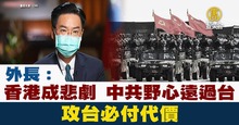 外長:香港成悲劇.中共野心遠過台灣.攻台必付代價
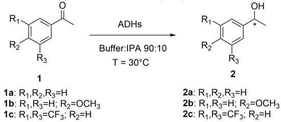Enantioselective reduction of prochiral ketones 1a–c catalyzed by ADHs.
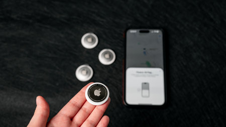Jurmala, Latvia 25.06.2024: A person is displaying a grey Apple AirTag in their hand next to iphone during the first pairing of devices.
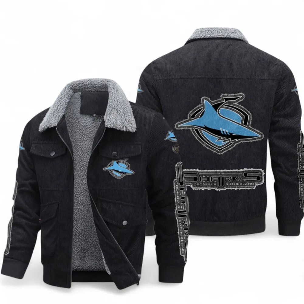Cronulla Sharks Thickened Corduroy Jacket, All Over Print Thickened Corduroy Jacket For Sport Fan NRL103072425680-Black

# GOAL OF THE EXERCISE
Write the listing out exactly, word for word, but omit the pictures.

# ANSWER TO THIS TASK
 外長:香港成悲劇.中共野心遠過台灣.攻台必付代價
Enantioselective reduction of prochiral ketones 1a–c catalyzed by ADHs.
Jurmala, Latvia 25.06.2024: A person is displaying a grey Apple AirTag in their hand next to iphone during the first pairing of devices.
Cronulla Sharks Thickened Corduroy Jacket, All Over Print Thickened Corduroy Jacket For Sport Fan NRL103072425680-Black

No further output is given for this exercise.